En Allemagne, après les agressions racistes, la solidarité

Actualité

Le premier vendredi de septembre, à la fermeture des bureaux berlinois d’enregistrement des demandes d’asile, des dizaines de réfugiés attendent devant l’entrée les bus qui doivent les amener dans des centres d’hébergement d’urgence. Des familles, des hommes seuls, des adolescents aussi. « Ce soir, nous espérons que tout le monde aura une place d’hébergement. Ce n’est pas tous les jours comme ça », explique un jeune bénévole d’une association de quartier.

Depuis le mois d’août l’administration berlinoise est débordée par les nouvelles arrivées de réfugiés. Ceux-ci doivent parfois faire la queue devant le bâtiment pendant des journées entières pour enregistrer leur demande et bénéficier ainsi d’une première prise en charge.

C’est une initiative citoyenne de quartier et des associations sociales qui organisent la distribution de nourriture et de vêtements aux nouveaux arrivants. D’autres initiatives similaires se sont crées dans tous les quartiers de la ville où des réfugiés sont hébergés, et partout à travers l’Allemagne.

Un large mouvement de solidarité citoyenne a ainsi pris le relais des autorités pour accueillir une partie des centaines de milliers d’exilés venus chercher refuge en Allemagne cette année. C’est un effort qui continue même avec le renforcement récent des frontières.

Le pays a enregistré plus de 210.000 demandes d’asile entre janvier et juillet. C’est déjà plus que pour toute l’année 2014 et quatre fois plus qu’en 2011. Plus de 20 % des demandes concernent des citoyens syriens, 10 % des Irakiens ou des Afghans.

La proportion de Syriens était encore plus importante en juillet, mois pendant lequel plus de 80.000 réfugiés sont arrivés en Allemagne, sans qu’ils aient encore tous pu déposer une demande d’asile.

Rien que pour l’année 2015, le gouvernement allemand s’attend à recevoir 800.000, voire un million, de demandes d’asile, quatre fois plus que l’an dernier.

Partout dans le pays, des hébergements sont ouverts en urgence pour accueillir les nouveaux arrivants.
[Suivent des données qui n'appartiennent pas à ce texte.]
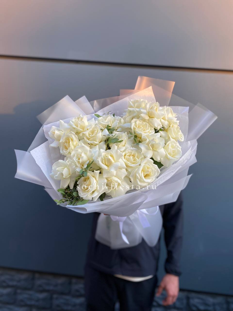 Тридцать семь белых французских роз собраны в круглый бокс с ветками эвкалипта. Плотная укладка бутонов создает объемную композицию, где каждый цветок виден и держит форму. Безупречное решение для яркого события.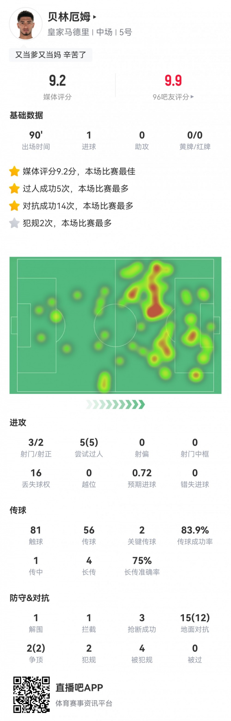 贝林数据:1进球,5次过人全成功,14次成功对抗,全场最高9.2分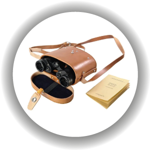 Бинокли комплектуются жестким кожаным футляром на пружинной застежке и плечевым ремнем. Футляр надежно защищает прибор при хранении и транспортировке и дополняет аутентичный внешний вид серии.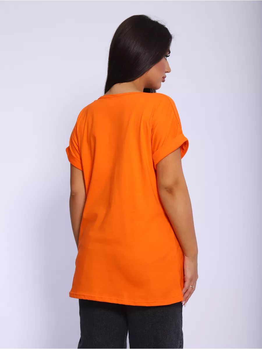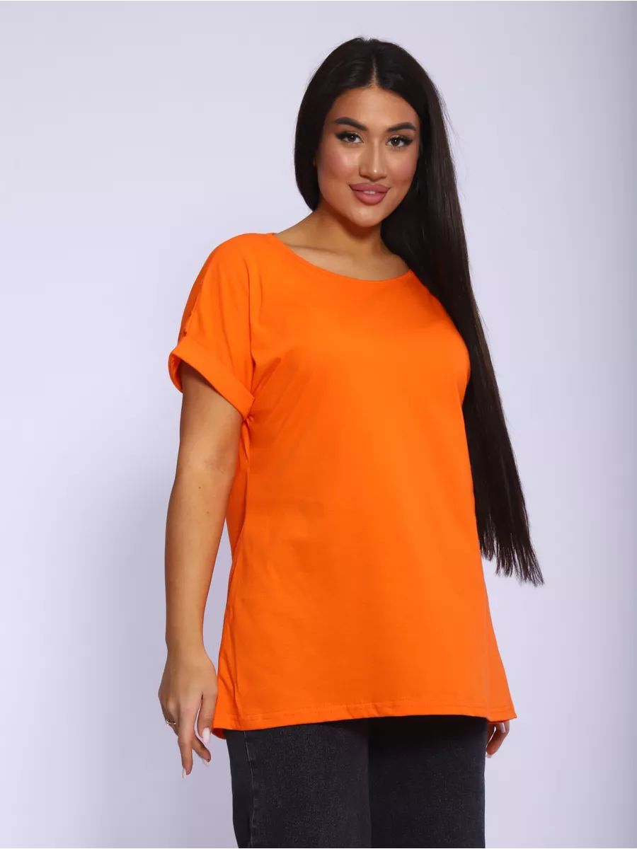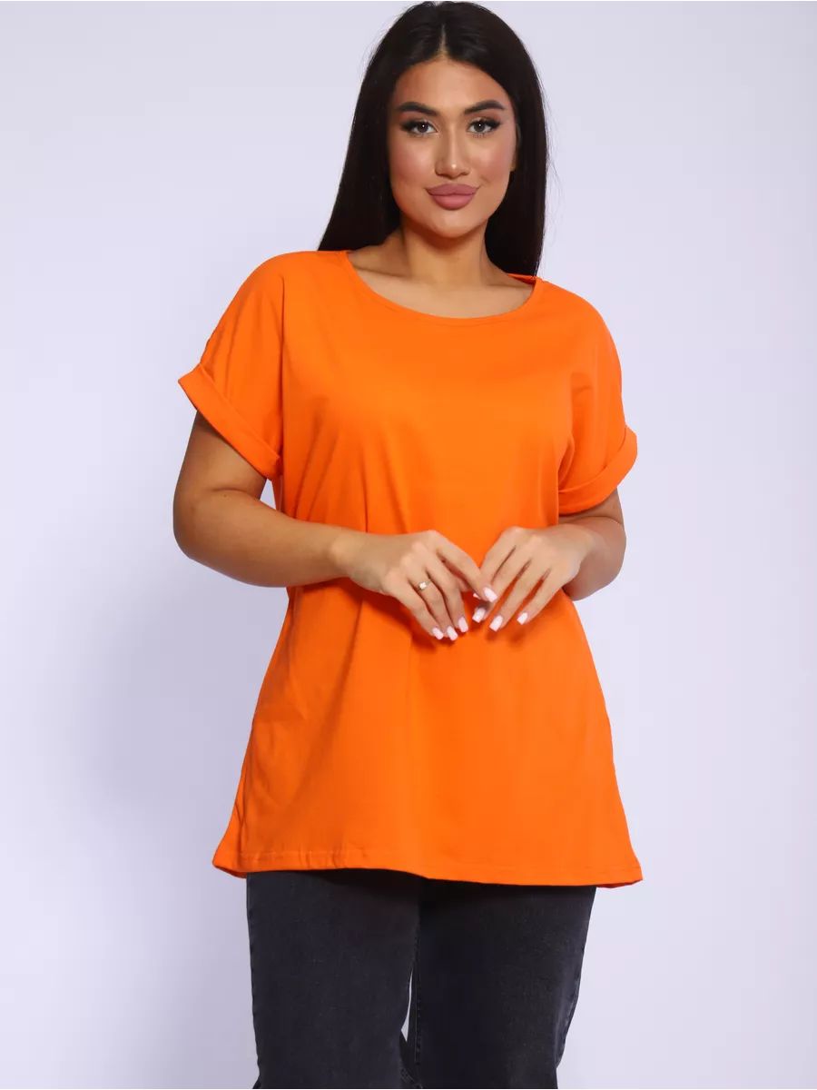 Футболка без рисунка с отворотами на рукавах, хлопок 100%, Арт. 561 - оранжевый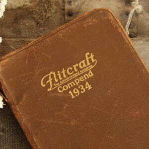 Charming vintage book, "Flitcraft Compend 1934, Prominent Life Insurance Companies" by A Flitcraft of Flitcraft Insurance. Considered the authority of insurance this compendium is a collection of terminology and information. Leather bound and just beautiful. Published first in 1988, I believe, this edition is the 47th annual edition published in 1934. About 6" x 4". 589 pages plus ads in the back.
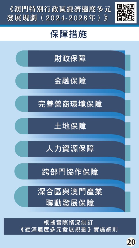 《澳門特別行政區經濟適度多元發展規劃(2024-2028年)》是澳門特區首個全面系統的產業發展規劃,是澳門特區政府貫徹落實中央要求,做好經濟適度多元發展這個必做題的重大綱領性文件。特區政府將團結帶領社會各界,以規劃為引領,凝心聚力謀發展,排除萬難促多元,以更大作為加快推動澳門經濟適度多元和高質量發展,開創澳門更加美好的未來!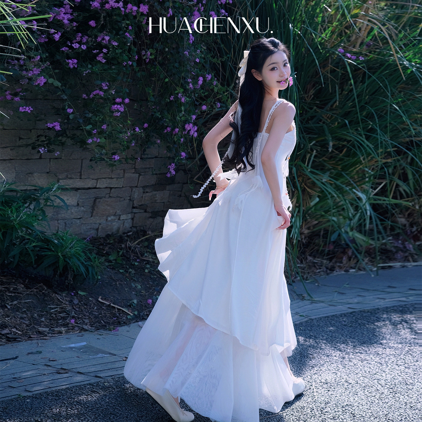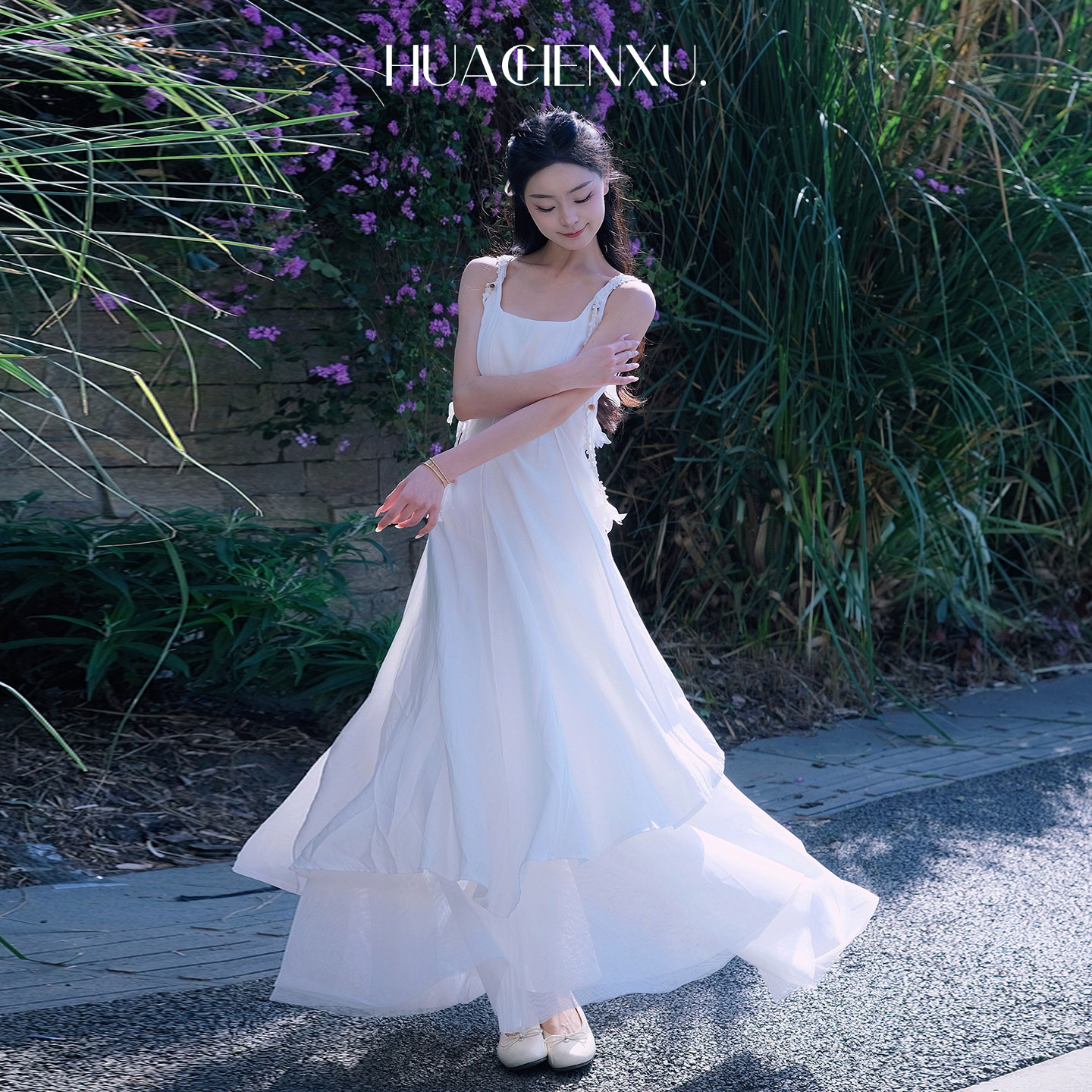 花辰序超仙白色吊带连衣裙女飘带度假风长裙仙气飘逸拼接大摆裙

Pour répondre aux besoins en structures d’accueil, le gouvernement allemand a décidé début septembre de dégager six milliards d’euros supplémentaires dans son budget 2016 pour la prise en charge des demandeurs d’asile.

L’élan de solidarité dont font preuve les Allemands contraste avec la vague d’agressions racistes contre des foyers de demandeurs d’asile qui a ébranlé l’Allemagne au cours des derniers mois. Le 15 juillet, un futur centre d’hébergement en cours d’aménagement était incendié en Bavière.

Quelques jours plus tard, la même chose arrivait en Bade-Wurtemberg, dans le sud-ouest du pays. Fin juin, c’était à Lübeck, dans le nord, puis en Saxe.

En Saxe toujours, à Heidenau, des émeutes d’extrême droite ont éclaté mi-août, là aussi en réaction à l’aménagement d’un foyer d’hébergement pour réfugiés.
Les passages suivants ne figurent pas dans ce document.